Não é fácil categorizar o pensamento religioso de Adolf Hitler, porque ele foi um mitómano que mudava de atitude consoante quem estivesse junto dele. Sabe-se que no dia 12 de Abril de 1945, Goebbels resgatou entusiasmado as cartas astrológicas do Führer e da República de Weimar, pois acreditou que continham a "profecia" da morte de Roosevelt, que falecera nesse dia, e a conseguinte vitória da Alemanha em Agosto desse ano (em Hitler: A Study in Tiranny de Alan Bullock. Penguin Books, 1962. Pág. 781), o que não deixa de ser bizarro, porque a 12 de Junho de 1941 mandara prender todos «os astrólogos, magnetopatas, antroposofistas e afins», sublinhando no seu diário, de maneira jocosa, que nenhum dos videntes foi capaz de prever a captura. Sem dúvida que Hess e Himmler foram os líderes nazis responsáveis pela imagem pública, explorada em diversos filmes e livros de entretenimento, de que os nazis foram obcecados pelo ocultismo, mas o próprio Hitler tinha ideias pouco claras sobre esses assuntos. Ao almoço, em 19 de Julho de 1942, ele disse que «Superstition, I think, is a factor one must take into consideration when assessing human conduct, even though one may rise superior to it oneself and laugh at it.
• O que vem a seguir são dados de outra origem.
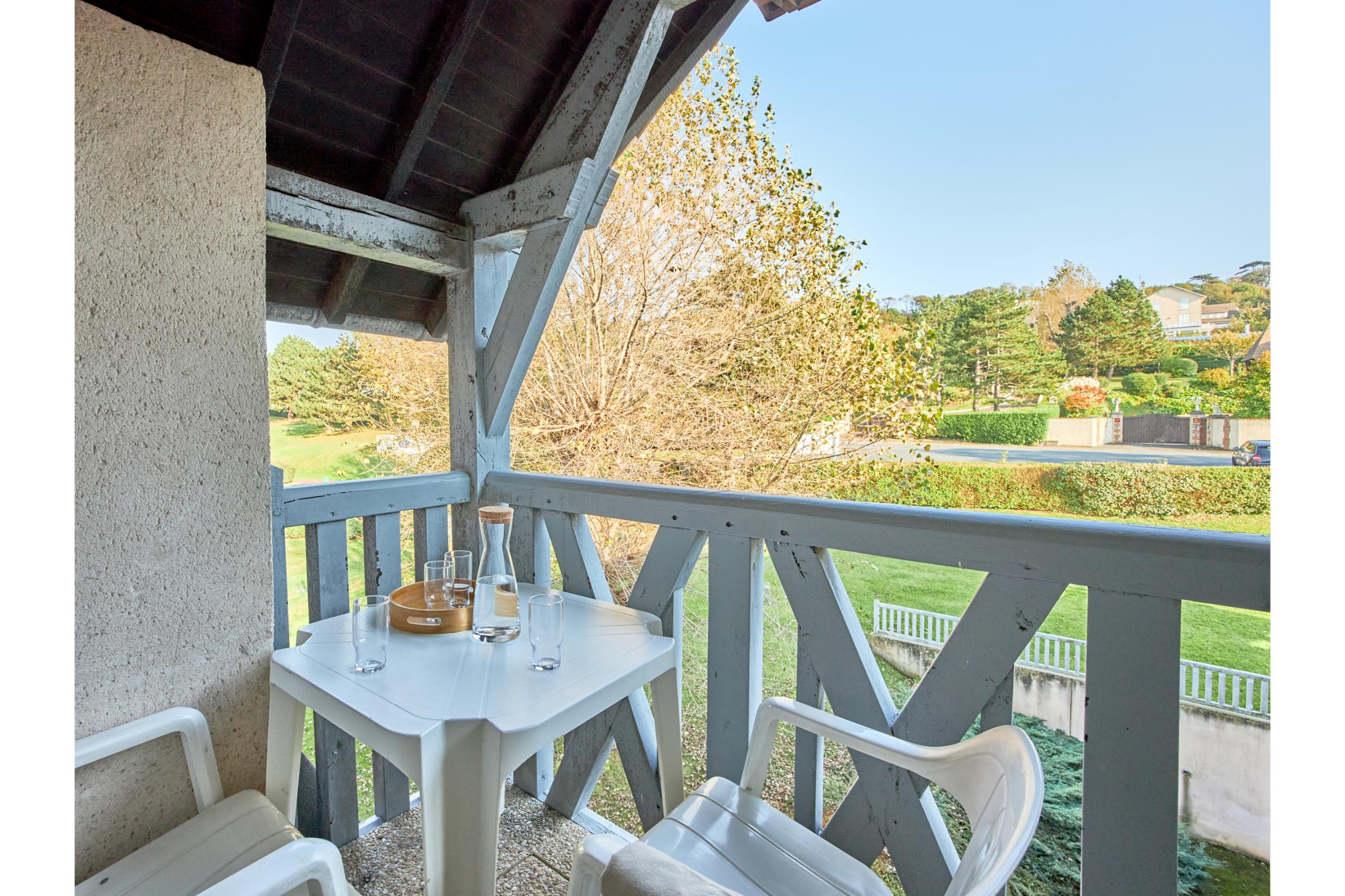 De locatie van de residentie is adembenemend, gelegen op een heuvel met ononderbroken uitzicht op de zee en de Côte Fleurie, omringd door serene, rustige landschappen. Les Tamaris, dicht bij Trouville, heeft een Normandische architectuur met pastelkleurige gevelbekleding, omgeven door een grote privétuin. Binnen zijn de studio’s van 25 m² ontworpen voor comfort, met een volledig uitgeruste kitchenette die uitkomt op de woonkamer. Elk appartement heeft een eigen balkon, perfect om te zonnebaden of te dineren met uitzicht, en sommige bieden zelfs direct uitzicht op zee.

It was for this reason, to give you a concrete example, that I once advised the Duce not to initiate a certain action on the thirteenth of the month. (...) The horoscope, in which the Anglo-Saxon in particular have great faith, is another swindle whose significance must not be under-estimated» (Phoenix Press, 2002. Págs. 582-583).
O sentimento religioso de Hitler também se encontra expresso nesta passagem de Mein Kampf, citada por Bullock: «The war of 1914 was certainly not forced on the masses; it was even desired by the whole people. For me these hours came as a deliverance from the distress that had weighed upon me during the days of my youth. I am not ashamed to acknowledge today that I was carried away by the enthusiasm of the moment and that I sank down upon my knees and thanked Heaven out of the fulness of my heart for the favour of having been permited to live in such a time» (Penguin Books, 1962. Pág. 50). A concordata entre a Alemanha nazi e o Vaticano foi assinada a 20 de Julho de 1933. Sete séculos antes, a 19 de Abril de 1215, o Quarto Concílio de Latrão decidiu que os judeus deveriam envergar uma marca amarela distintiva: uma estrela judaica, de seis pontas. Como disse o historiador Raul Hilberg no documentário Shoah de Claude Lanzman (1985), «Many such measures had been worked out over the course of more than a thousand years by authorities of the Church and by secular goverments that followed in that footsteps. From the earliest days... Because from the 4th century, 5th century, 6th century... the missionaries of christianity had said, in effect, to the Jews, "You may not live among us as Jews". The secular rulers who followed them, from the late Middle Ages, had then decided "You may not live among us". The nazis finally decreed "You may not live"».